Mountain landscape - Europe

Paragliding in front of Aiguilles du Dru and Aiguille Verte

Chamonix is well known as the mountain sports capital of the world. Parapenting, or paragliding, is hugely popular, with the skies filled with colourful sails as pilots soar above the peaks seeking out thermal winds, upward currents of warm air that help them to gain and retain height. Planpraz near Le Brévent, 2000m above sea level, is a popular take-off point for the views of Mont Blanc and Aiguille du Midi, both for solo pilots and for tandem flights with guides and clients. Grands Montets near Argentière I understand is another departure point further north for more experienced pilots, who take off on Pas de Chevre glacier for adventurous flights above Aiguille Chardonnet and Aiguille du Tour plus, as shown in this photograph, the spectacular Aiguille Verte and Les Drus. 

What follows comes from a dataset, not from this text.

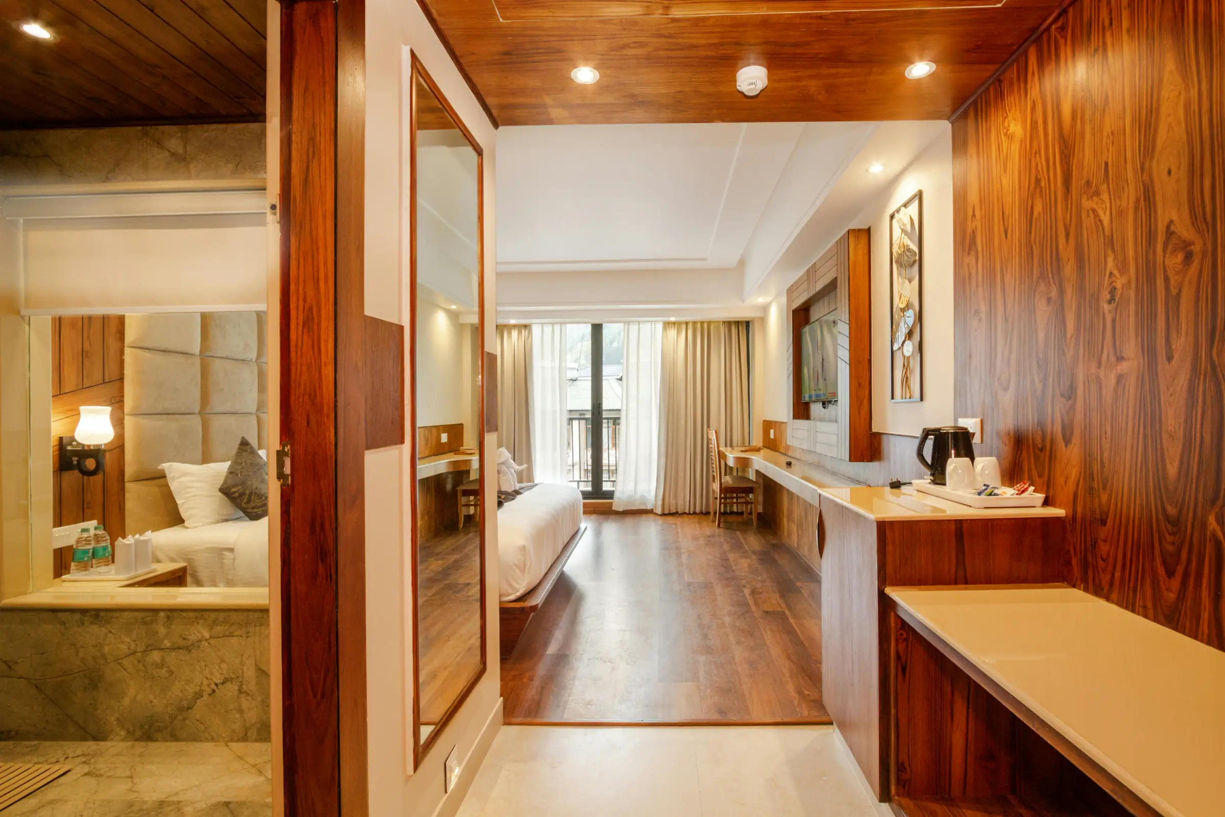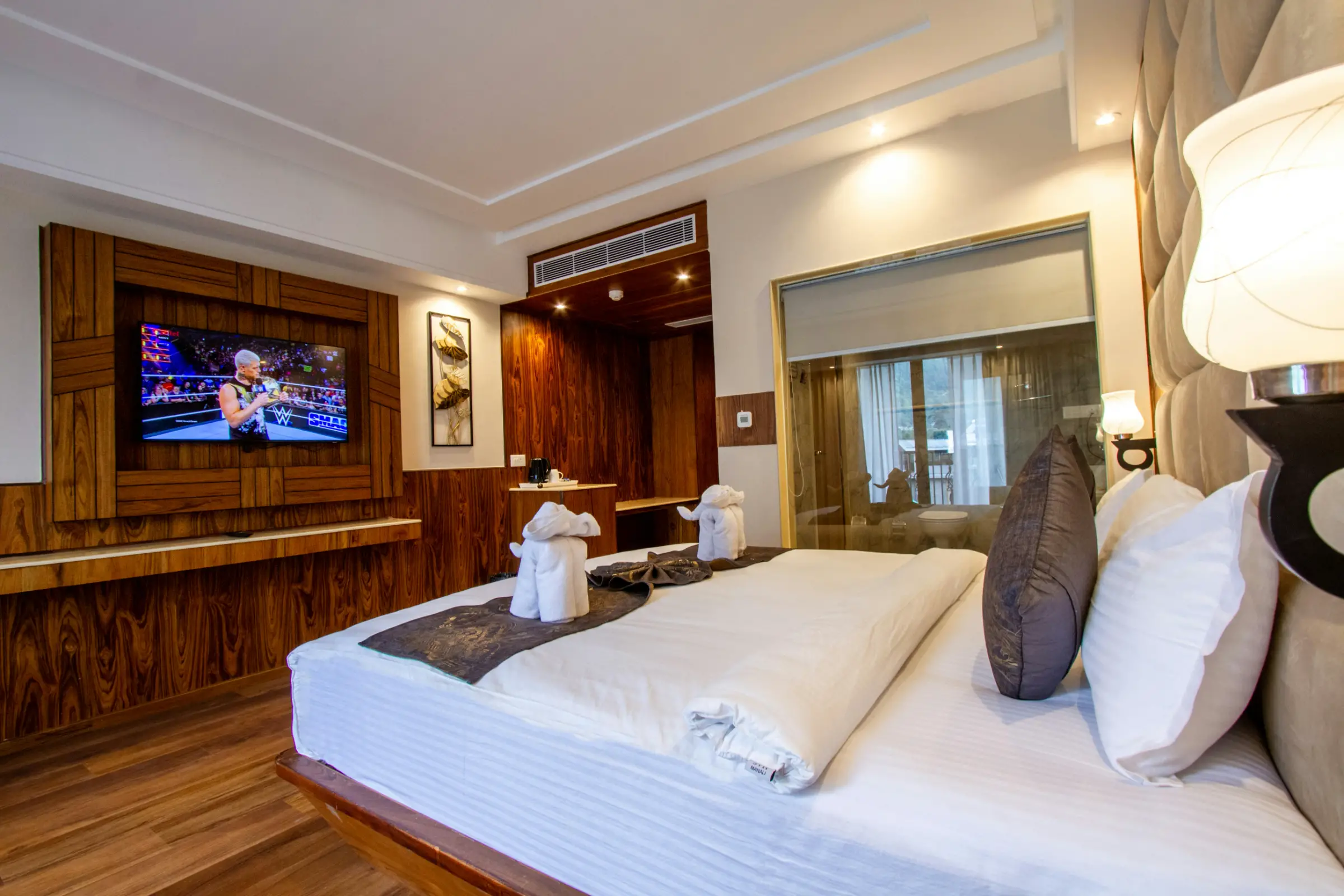 Experience the pinnacle of mountain luxury in our exclusive two-story penthouse. This stunning suite features a dramatic open-concept design with vaulted ceilings, a gourmet kitchenette, and access to a private rooftop terrace with hot tub and 360-degree views. The master bedroom includes a California King bed and spa bathroom with dual vanities. Perfect for discerning travelers seeking ultimate privacy and indulgence.

I’ve not been paragliding (I kindly have an invite from an Edinburgh-born guide who works in Chamonix) and for this shot my wife and I were trekking on Grand Balcon Sud across the valley, which has a great view of the Drus. A telephoto 70-200mm lens helped me to compress this view of the pilot against the mountains. Petit Dru especially, in the centre, is a mountain full of mountaineering lore, from Gary Hemming’s rescue of two German climbers in 1966, Walter Bonatti’s 6-day solo climb of the SE ‘Bonatti’ Pillar in 1955 (the scar of which you can see after it fully collapsed) and Joe Simpson, who, along with Ian Whittaker, attempted to climb the same route in 1987 but ended up spending many hours dangling from a single piton after the ledge they were bivvying on collapsed off the wall. More recently, Will Sim and the late Corrado ‘Korra’ Pesce put up a new route on the rock scar in 2021, as did Thomas Auvaro, Léo Billon, Jordi Noguere and Sébastien Ratel from the Chamonix High Mountain Military Group, and Alex Honnold soloed most of the American Direct route the same year for Jon Griffiths ‘Soloist VR’ film (the route was first soloed in 1982 by Christophe Profit). Remarkably, Honnold also solo down-climbed the route for good measure. (Sadly, Pesce, who supported the team filming the ascent, died the next again year in an avalanche on Cerro Torre).

Popular today by Will Sim and others is an activity which I believe was first coined by British adventurer Leo Houlding, which he termed Para-alpinism, where mountaineers climb technical peaks (both in the Alps and the Himalayas) and then paraglide off instead of climbing back down.